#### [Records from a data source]
# # # #

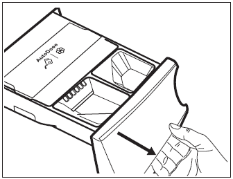 2. Open the detergent dispenser and lift up the AutoDose cover lid.
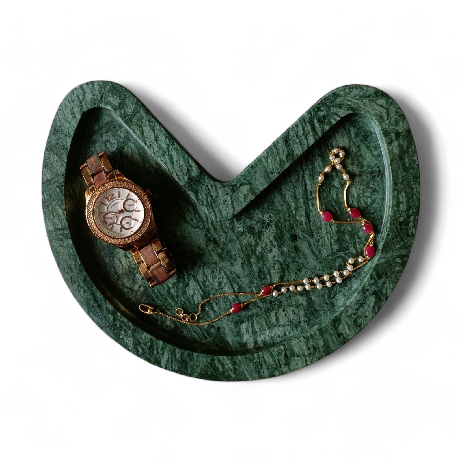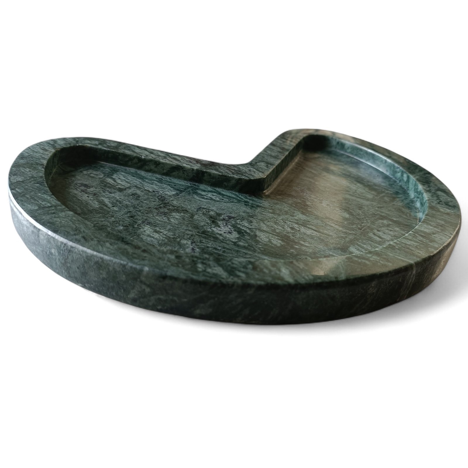 This elegant green marble tray is beautifully shaped with a flat bottom. It can store keys, Jewellery, small items, cookies, or drinks. The size is excellent for various uses, and the raised edges keep the contents in place. It can be kept at the side of the tables or on the console. You can easily clean the marble plate with a mild liquid detergent and a soft cloth. This will effectively remove any dust or dirt. You can repeat this cleaning process whenever you feel dust on it. If you want to use it for food, please make sure that you wash and clean it thoroughly before you use it. Since marble products undergo polishing and waxing to achieve a smooth finish, proper cleaning is essential before placing any edible items on the surface.
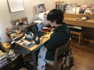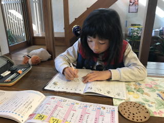 自宅で学習 先生が課題プリントを持ってきてくれるよ
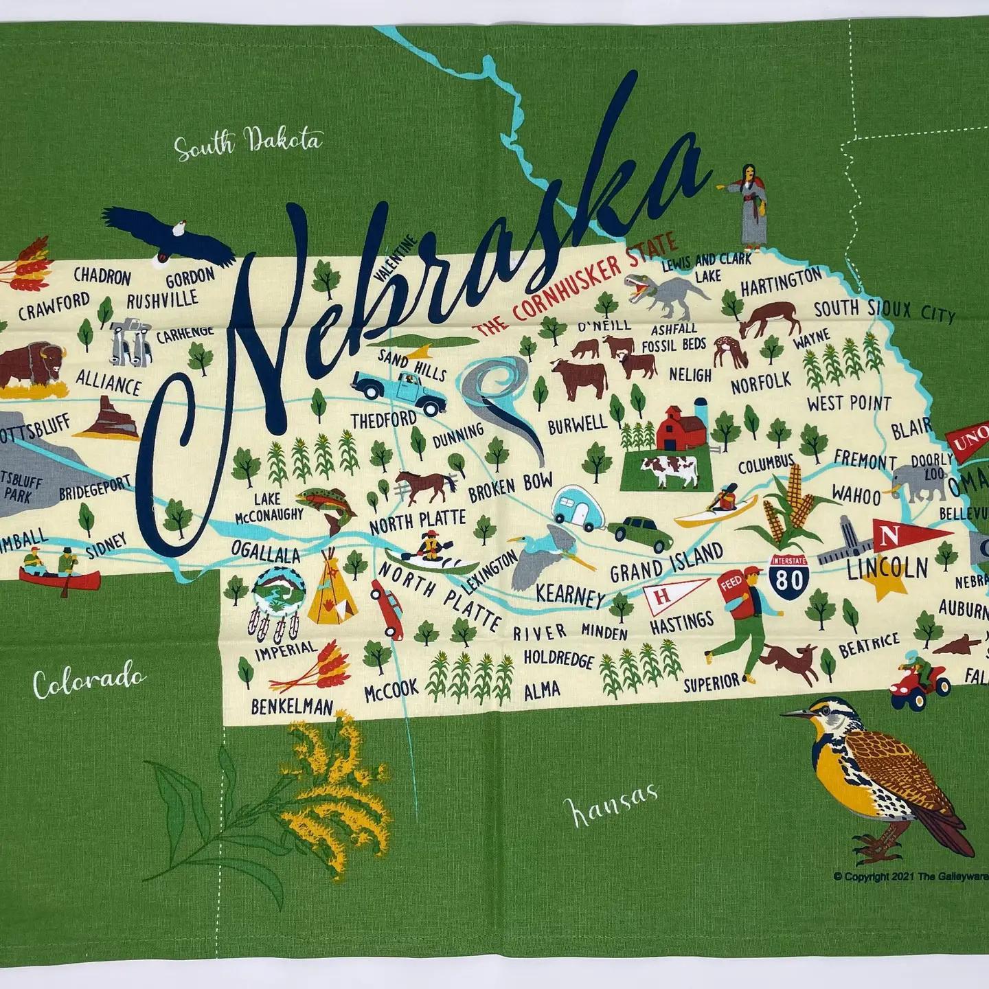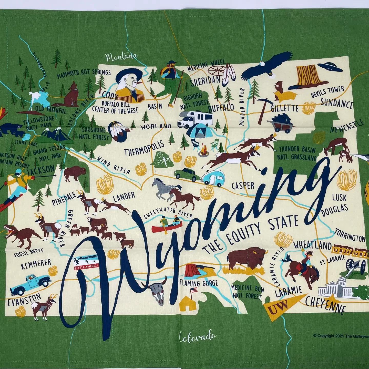 Original Galleyware artwork shows the major towns and attractions. Material: 100% Cotton. Lint-free. Hangs easily with attached loop. Care: Machine wash cold. Tumble dry low or line dry for best results. Safe to iron. Do not use bleach. Do not use fabric softeners which leave an oily, water-resistant layer on the towel, making it harder to absorb moisture.
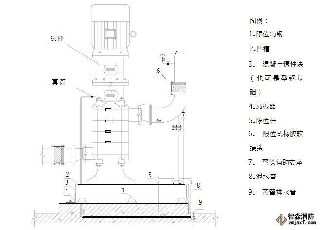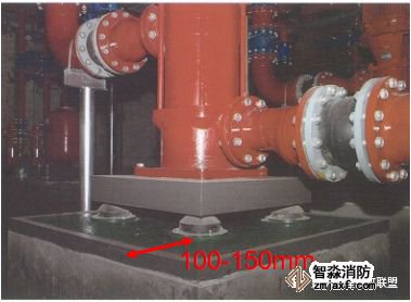 2立式水泵不得采用彈簧減震器;大型立式水泵最好采用穩(wěn)定性好的橡膠減震墊;多臺立式泵可采取組合機組安裝,增加水泵的整體穩(wěn)定性
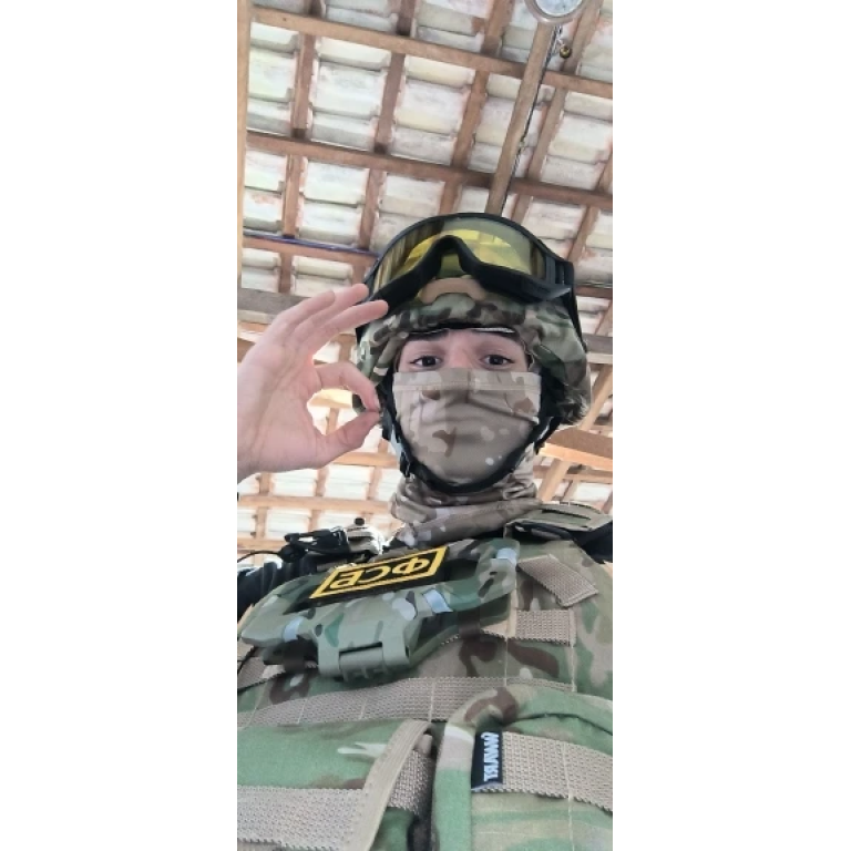 - Russisches Abzeichen mit Soldatenmotiv, ideologisches Abzeichen der russischen Truppen
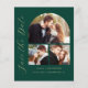 This simple, minimalist Save the Date card features a photo collage arch, with a horizontal photo at the top and two square photos below. The words "Save the Date" run vertically up the left margin in elegant gold-coloured handwriting script. The couple's names, wedding date and city appear below the photo collage in sans serif font on an emerald green background. Add a more detailed message with additional information on the back, along with a QR code to help your guests visit your wedding website.
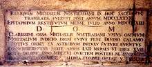 Nostradamus' current tomb in the Collégiale Saint-Laurent, Salon, into which his scattered remains were transferred after 1789.
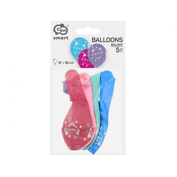Балони с Котки, различни цветове, 30 см, 5 бр.
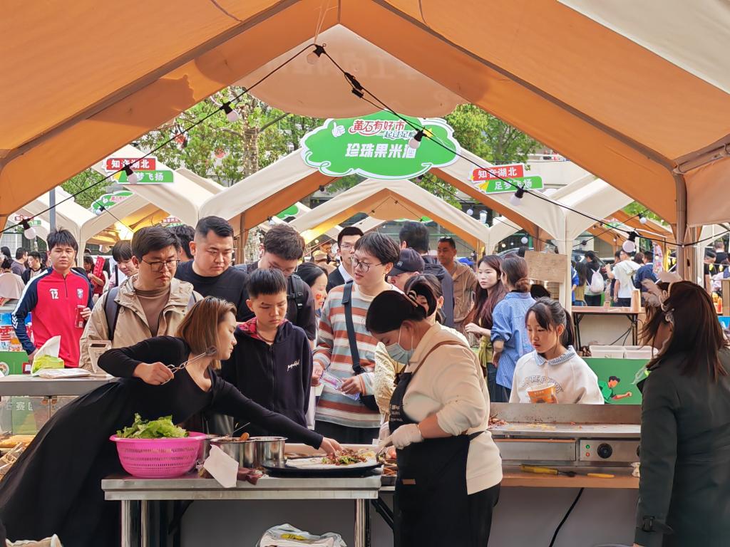 观众在黄石奥体中心外排队免费品尝鳜鱼汤。新华社记者 乐文婉 摄
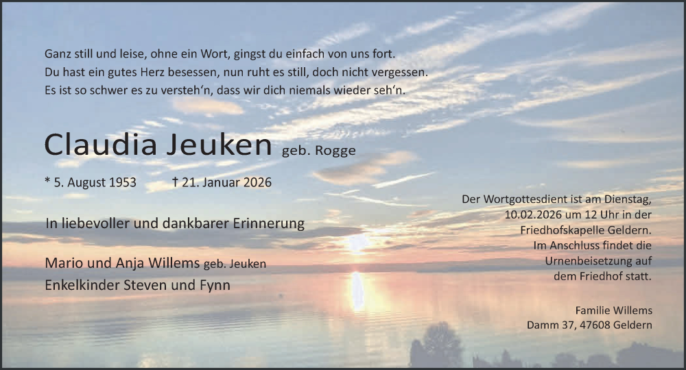 Hier finden Sie alle Traueranzeigen aus der Zeitung, die bisher für Claudia Jeuken erschienen sind. Weitere Traueranzeigen, die in der Zeitung erscheinen, werden hier ebenfalls aufgelistet
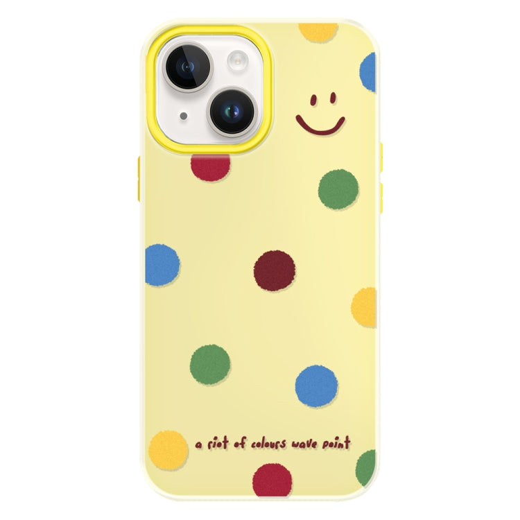 Funda híbrida TPU y PC iPhone 15 Tacto sedoso (Sonrisa de lunares en Amarillo)
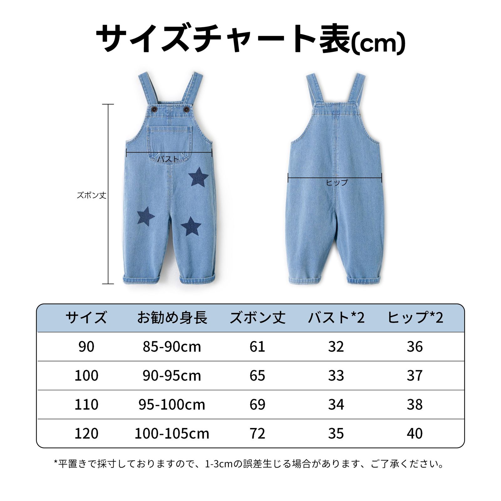 [Miipat] デニム サロペット キッズ ベビー オーバーオール 子供 オールインワン 女の子 男の子 ゆったり 可愛い おしゃれ 韓国 90-120cm
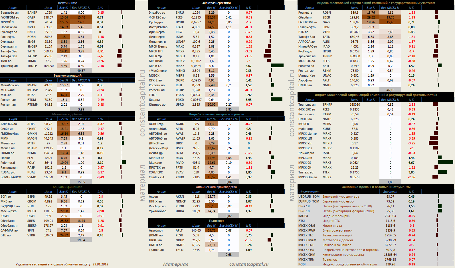 Динамика акций за текущий день, в структуре отраслевых индексов, и индексов государственного сектора.
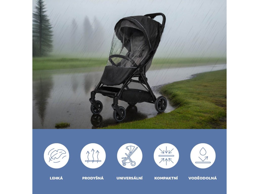 Spolehlivá ochrana proti dešti, větru i hmyzu – pasuje na sportovní sezení i hlubokou korbu. Praktické zipové okénko umožňuje rychlý přístup k dítěti bez nutnosti sundání celé pláštěnky.

# # # #

#### [Exercise goal]
Excluding the pictures, write out exactly the lines from the line that contains "Hier finden Sie" through the end of the records.

#### [Answer to this problem]
 Hier finden Sie alle Traueranzeigen aus der Zeitung, die bisher für Claudia Jeuken erschienen sind. Weitere Traueranzeigen, die in der Zeitung erscheinen, werden hier ebenfalls aufgelistet
 Funda híbrida TPU y PC iPhone 15 Tacto sedoso (Sonrisa de lunares en Amarillo)
 [Miipat] デニム サロペット キッズ ベビー オーバーオール 子供 オールインワン 女の子 男の子 ゆったり 可愛い おしゃれ 韓国 90-120cm
 Динамика акций за текущий день, в структуре отраслевых индексов, и индексов государственного сектора.
 Spolehlivá ochrana proti dešti, větru i hmyzu – pasuje na sportovní sezení i hlubokou korbu. Praktické zipové okénko umožňuje rychlý přístup k dítěti bez nutnosti sundání celé pláštěnky.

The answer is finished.